Now, mind you, rain is not a bad thing here. These are desert people, so the rain, that was great. Like the years I lived in California, we loved it when it rained; that was a sign of wow, finally, finally it's raining. So God makes his refreshing rain to fall on those that deserve it? No, he makes it fall on the just and the unjust. Why? Because that's his nature. God is love, we hear; that's all he knows how to do. He doesn't play the game of conditioned love, love parceled out, love in bits and pieces, love if you love me. And we are meant to be perfect, as our heavenly Father is perfect. Okay, everybody, with that all in mind, now revisit these particular prescriptions.

"You have heard it said, 'An eye for an eye and a tooth for a tooth.'" Well, yeah, that's old-fashioned justice. Hey, you harm me, I'll harm you. You're good to me, I'll be good to you. You take a tooth of mine, I'll take a tooth of yours. That's old-fashioned justice in the sinful finite order. But see, I say, love your enemies, and "if someone strikes you on the right cheek, turn and give them the other". Well, what are you talking about? That's crazy. Yes, yes, it is a little crazy, because I want you, Jesus says, to be divinized and to love precisely in the manner that God loves.

So someone wants to go to law with you over your tunic, well, that's an act of great aggression. The implication here, probably, it's a poor person that's not been able to pay a debt, and so he's being sued for the coat on his back. See, that's a very aggressive move legally. That's like someone striking you physically; they're striking you here legally. Someone does that to you, well what would we say? Well, I mean, fight back, or defend yourself, or get them back when you have a chance. Jesus says, no, give him your cloak too. God makes his sun to shine on the good and the bad alike. He makes his rain to fall on the just and unjust alike.

And so, that's how we should behave. And then, I think, it's really summed up in this, still after two thousand years, still shocking command: "I say to you, love your enemies". "You have heard it said, 'Love your neighbor and hate your enemy.'" Well that was the old justice. "But I say to you, love your enemies". Now, who's an enemy? An enemy is someone who by definition has harmed you; that's why they're your enemy. They've hurt you in some way. So by a very ancient, deeply ingrained instinct, we say, no, I'm going to at least defend myself, if not strike back. Love your enemy, will the good of your enemy.

Boy, that's hard. Everybody, look, I'm a sinner, I confess it. It's hard. I think, right now, of enemies of mine, meaning people that in some way have harmed me. Yeah, I know. It's deep in my animal nature. Think of it, we all came up from the animal world, and that's deep in our instinctual makeup to say, no, no, you fight back and you resist. No, he says; don't resist evil, and love even those (especially those) who've harmed you. Can you see? It's the ultimate test of love. If love is to will the good of the other as other, what's the test?

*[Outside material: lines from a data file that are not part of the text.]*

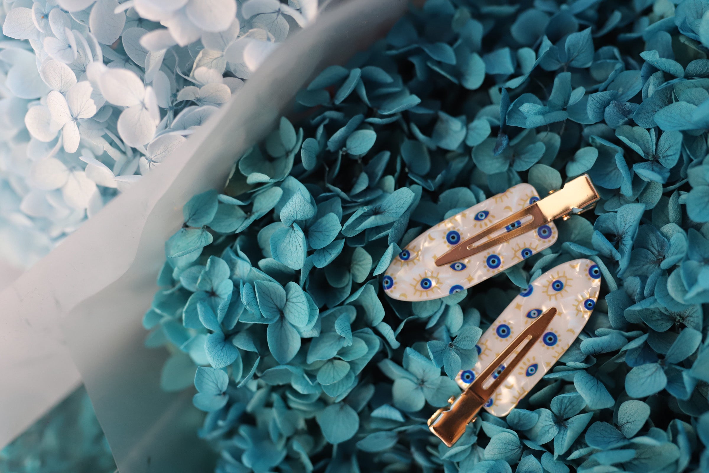 Sleek, modern, and as always protective by design. Our Creaseless Evil Eye Blowout Hair Clips are crafted from durable acrylic and finished with a touch of gold plating for a polished look. Designed to hold your hair securely without leaving dents or marks, they’re perfect for styling, setting, or touch-ups on the go.
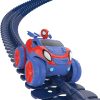 Circuit de course automobile Spidey – avec cet ensemble de circuits flexibles, les montées abruptes, les descentes rapides et les déplacements aériens ne posent aucun problème – car il appartient à Spidey et à ses super amis
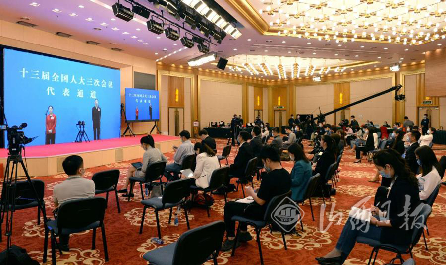 今年的“代表通道”由往年的集中采访改为视频方式进行。首场活动邀请6名代表,分三组接受采访。
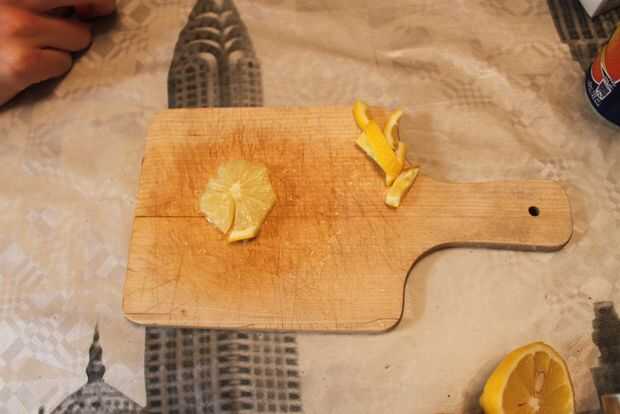 Maak nu een vormpje uit fruta naar keuze. Wij hadden de voorkeur voor een citroenschijfje. LAAT je creativiteit spreken en voeg er eventueel ook nog wat cocktailaccessoires aan pies zoals: een parasolletje, tropisch rietje...
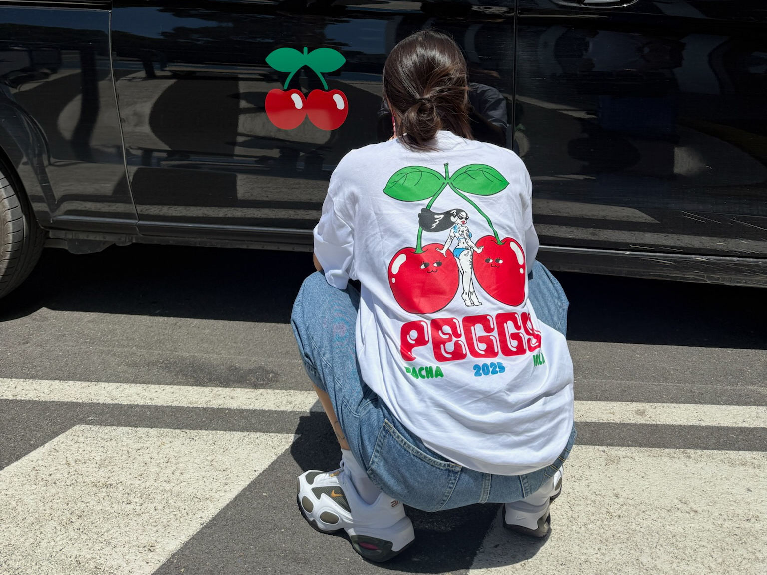 Pacha Ibiza ha lanzado una colaboración en edición limitada con la DJ y productora surcoreana Peggy Gou. Recién llegada de su colaboración con Solomun en su residencia +1 en Pacha Ibiza el domingo (27 de julio de 2025), la camiseta de la colaboración presenta un atrevido «Peggy» gráfico, combinado con las icónicas cerezas de Pacha.
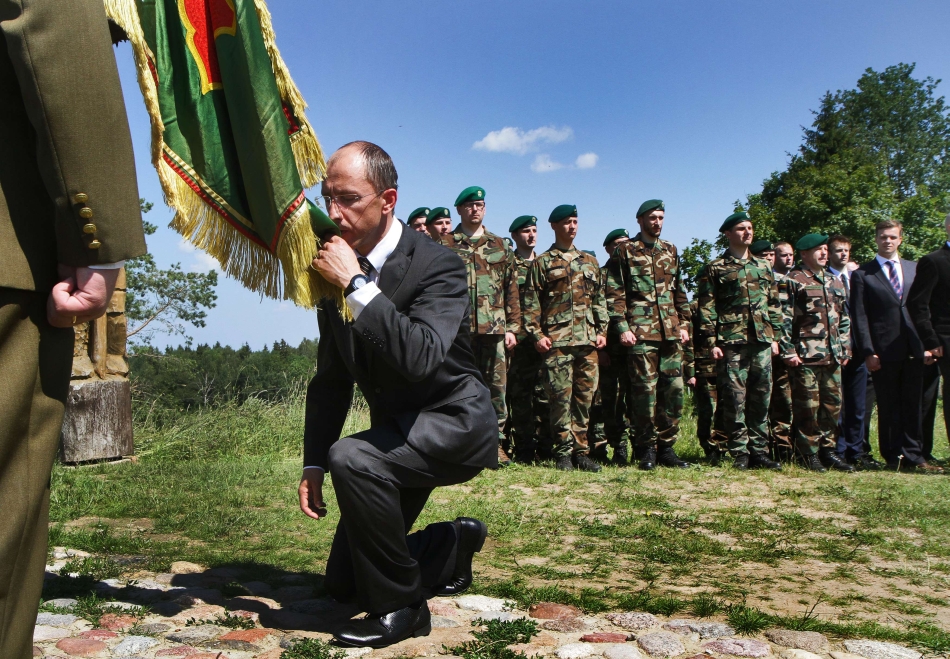 Aceşti războinici de weekend poartă cu mândrie la încheietura mâinii brăţări cu emblema ce reprezintă un pin, simbolul rezistenţei armate faţă de ocupaţia micii lor ţări, în 1940, de către fosta Uniune Sovietică.

The test is that I would love someone who will not answer me in turn. That's also, of course, in the Sermon on the Mount, isn't it? If I love those who love me, if I give a party to those who will then give me a party in return, well then I'm no better, Jesus says, than the pagans. In other words, than those who don't believe in the true God. If that's all I'm doing, then I'm no better than the pagans. No, no. The mark of Jesus' disciple is the one who can love even his or her enemy.

Again, don't treat this as ordinary ethics. If you do, it's kind of crazy, and I don't know one other moral philosopher anywhere in the history of philosophy who says anything like this. It's being said to us not by Plato or Aristotle or Thomas Jefferson or Karl Marx. It's being said to us by the Son of God, who wants us not just to be just in some ordinary human sense. He wants us to be perfect, as the heavenly Father is perfect, the one who makes his sun to shine on the good and the bad alike. And God bless you.